Eisenhower and the Military Industrial Complex

President Eisenhower, in his outgoing address (listen below), warned the world about the threat of a military industrial complex. Eisenhower, a WW2 general, worried that the military industry would soon exert undue power and influence over government. Each time you turn on the news, CNN, MSNBC, FOX, you will find a retired general commenting on the war in Ukraine, the strategies, and the failed strategies. Here, we invite you to listen again to Eisenhower’s address to the nation and the world. Consider the facts: the U.S. is spends more on the military than any other nation? Ask yourself a simple question: why? And who are we protecting?

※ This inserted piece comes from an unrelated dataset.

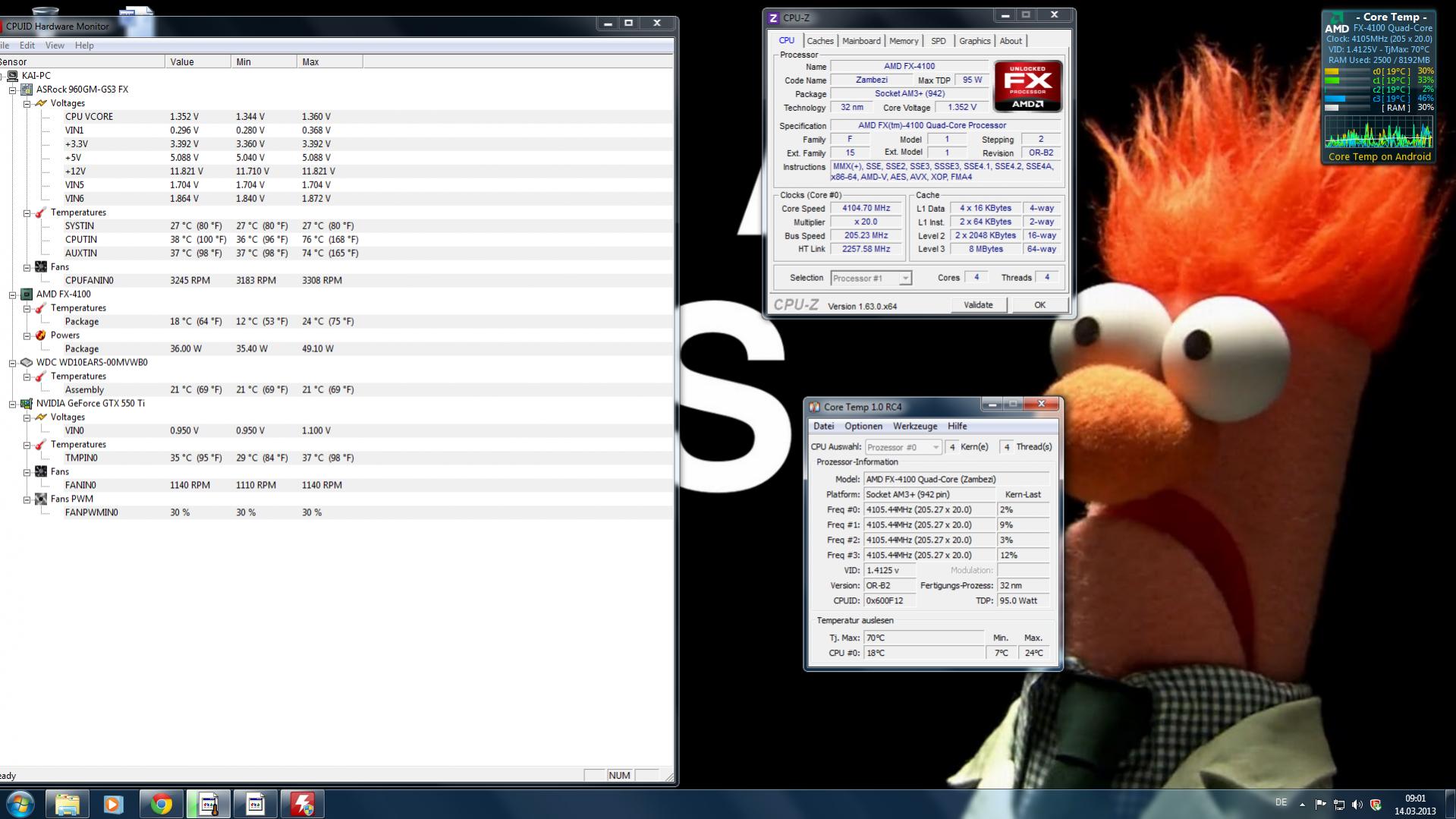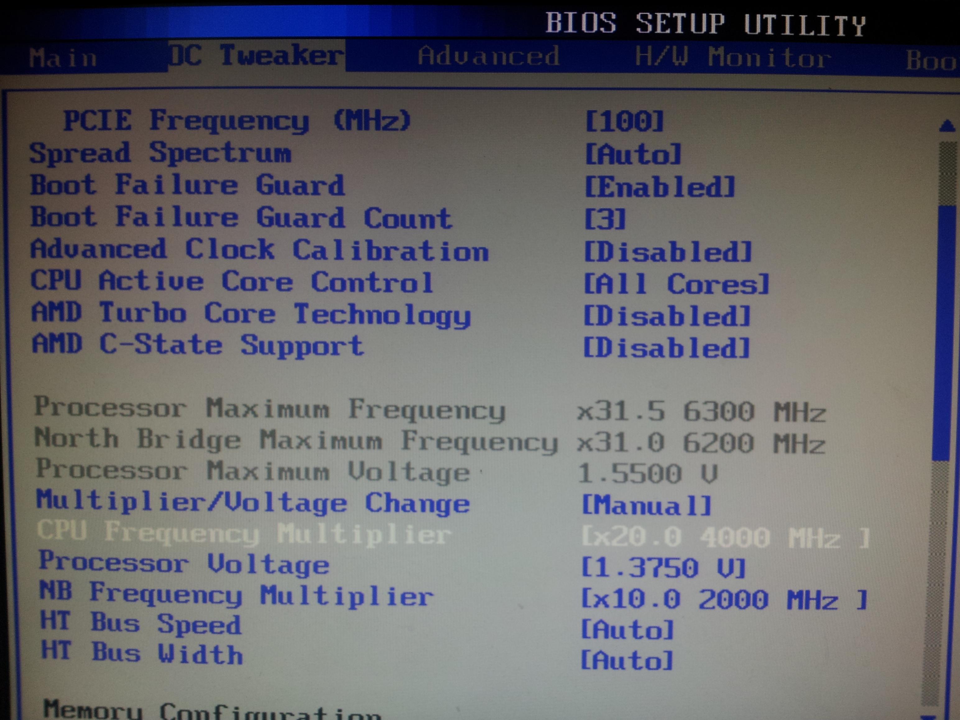 Der "CPU Turbo-Modus" ist ausgeschaltet. Und APM /HPC (denke ich mal das, das die Stromsparfunktion vom Bios ist) weiß ich momentan nicht ob sie aktiviert/deaktiviert ist. Und 1,287 V klingt mir ein bisschen wenig da ja der Standarttakt von einem FX-4100 bei 1,375 V liegt?

In his new book, The British Left and the Defence Economy: Rockets, Guns and Kidney Machines, 1970–83, Keith Mc Loughlin argues that “Forty years before COVID-19, socialists in Britain campaigned for workers to have the right to make ‘socially useful’ products, from hospital equipment to sustain the NHS to affordable heating systems for the impoverished elderly. This movement held one thing responsible above all else for the nation’s problems: the burden of defence spending. In the middle of the Cold War, the left put a direct challenge to the defence industry, the Labour government and trade unions. The response it received revealed much about a military-industrial state that prioritised the making and exporting of arms for political favour and profit.”